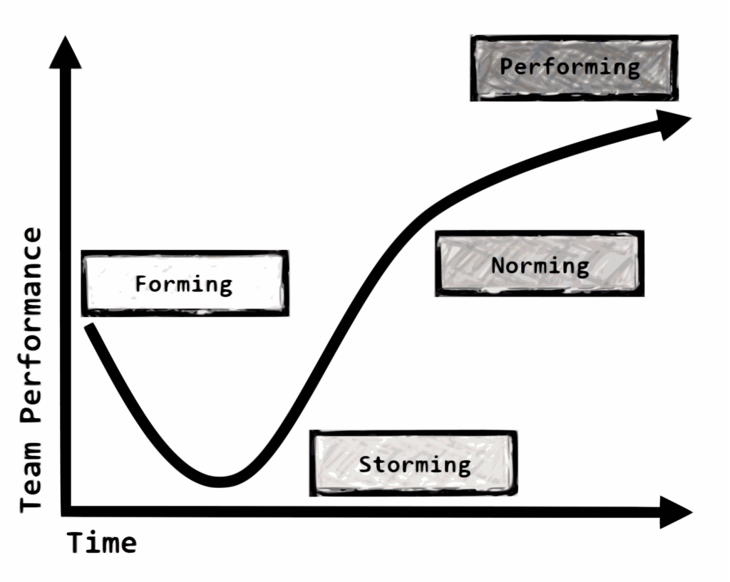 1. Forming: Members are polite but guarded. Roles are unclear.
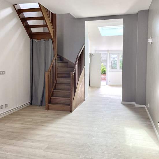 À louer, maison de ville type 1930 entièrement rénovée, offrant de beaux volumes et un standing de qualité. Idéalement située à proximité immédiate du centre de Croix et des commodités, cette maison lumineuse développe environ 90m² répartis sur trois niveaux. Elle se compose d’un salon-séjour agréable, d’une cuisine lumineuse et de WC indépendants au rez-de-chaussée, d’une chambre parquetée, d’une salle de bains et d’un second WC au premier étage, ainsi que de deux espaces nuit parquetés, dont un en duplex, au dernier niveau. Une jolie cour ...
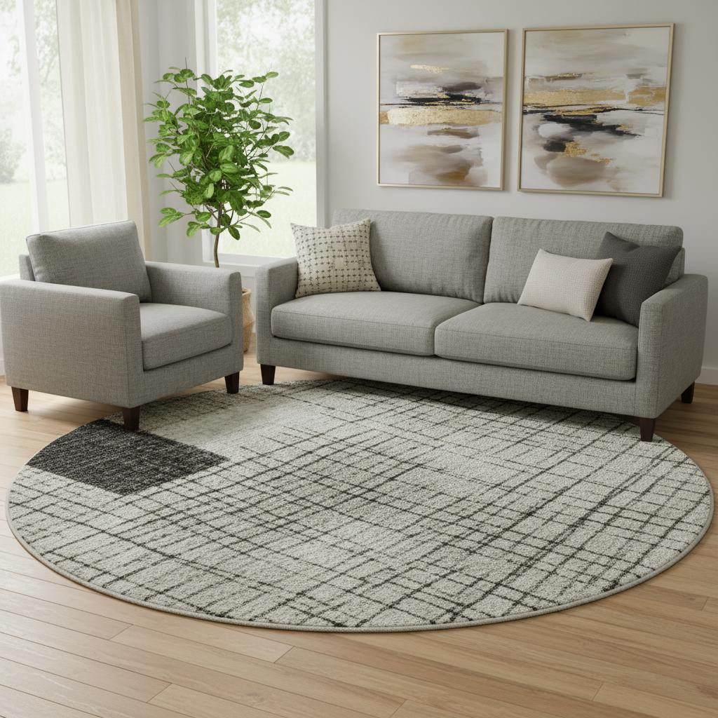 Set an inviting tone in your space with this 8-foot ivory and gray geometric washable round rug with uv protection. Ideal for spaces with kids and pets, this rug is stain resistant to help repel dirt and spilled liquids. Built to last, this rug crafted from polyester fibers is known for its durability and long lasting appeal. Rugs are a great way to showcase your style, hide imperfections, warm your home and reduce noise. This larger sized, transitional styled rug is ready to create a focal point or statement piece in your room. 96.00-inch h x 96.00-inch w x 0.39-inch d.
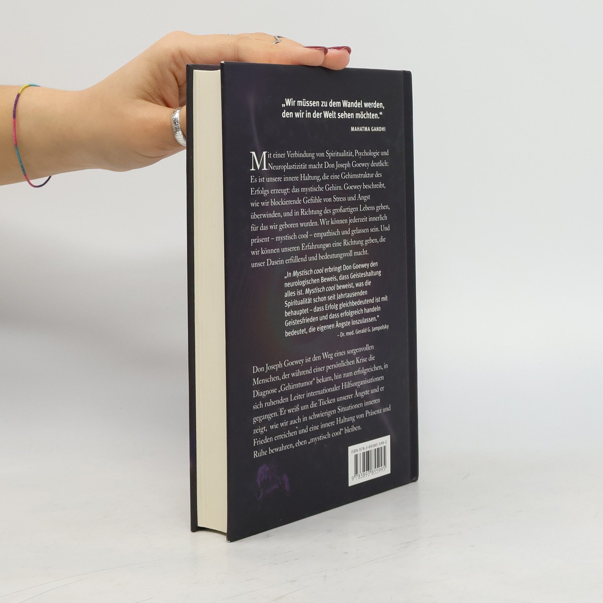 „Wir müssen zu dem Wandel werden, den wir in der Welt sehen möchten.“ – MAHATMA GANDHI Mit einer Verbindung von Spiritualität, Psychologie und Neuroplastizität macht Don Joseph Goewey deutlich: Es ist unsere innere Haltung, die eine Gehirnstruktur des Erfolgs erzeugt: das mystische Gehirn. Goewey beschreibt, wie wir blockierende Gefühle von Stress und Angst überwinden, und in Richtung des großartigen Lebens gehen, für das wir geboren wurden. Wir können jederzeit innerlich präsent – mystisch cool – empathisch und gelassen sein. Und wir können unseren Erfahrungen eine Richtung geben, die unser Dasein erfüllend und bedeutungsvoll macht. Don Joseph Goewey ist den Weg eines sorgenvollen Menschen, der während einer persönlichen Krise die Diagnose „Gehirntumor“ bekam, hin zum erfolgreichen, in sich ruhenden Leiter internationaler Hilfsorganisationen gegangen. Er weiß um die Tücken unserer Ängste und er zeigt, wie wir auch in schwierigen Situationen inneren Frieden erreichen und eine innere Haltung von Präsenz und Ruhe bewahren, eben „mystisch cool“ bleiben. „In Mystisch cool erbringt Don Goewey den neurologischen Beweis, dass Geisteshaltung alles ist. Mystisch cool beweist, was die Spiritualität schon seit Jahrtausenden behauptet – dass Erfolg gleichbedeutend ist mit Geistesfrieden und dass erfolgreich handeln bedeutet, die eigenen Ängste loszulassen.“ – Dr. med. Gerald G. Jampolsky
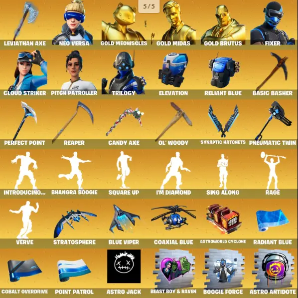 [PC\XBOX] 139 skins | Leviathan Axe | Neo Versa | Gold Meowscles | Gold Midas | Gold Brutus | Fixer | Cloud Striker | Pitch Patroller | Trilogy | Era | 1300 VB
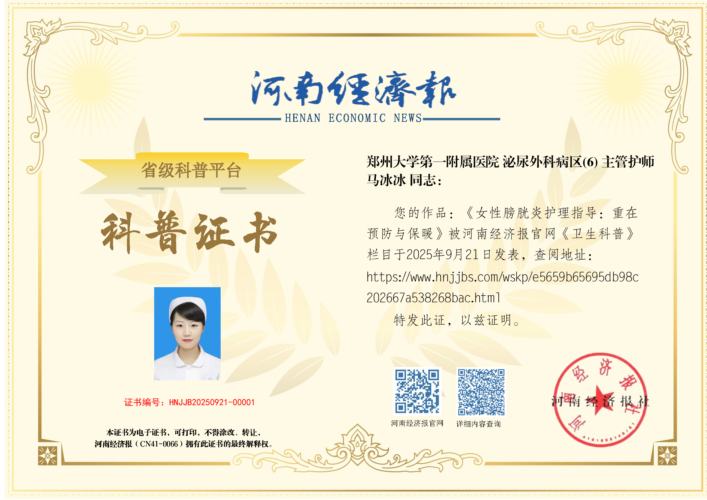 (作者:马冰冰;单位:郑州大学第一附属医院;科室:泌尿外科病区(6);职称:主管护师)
···
= Directions for this task =
Take the records above from their first line through the line with "À louer, maison" and set those lines down word for word, minus the pictures.

= Exercise result =
 1. Forming: Members are polite but guarded. Roles are unclear.
 À louer, maison de ville type 1930 entièrement rénovée, offrant de beaux volumes et un standing de qualité. Idéalement située à proximité immédiate du centre de Croix et des commodités, cette maison lumineuse développe environ 90m² répartis sur trois niveaux. Elle se compose d’un salon-séjour agréable, d’une cuisine lumineuse et de WC indépendants au rez-de-chaussée, d’une chambre parquetée, d’une salle de bains et d’un second WC au premier étage, ainsi que de deux espaces nuit parquetés, dont un en duplex, au dernier niveau. Une jolie cour ...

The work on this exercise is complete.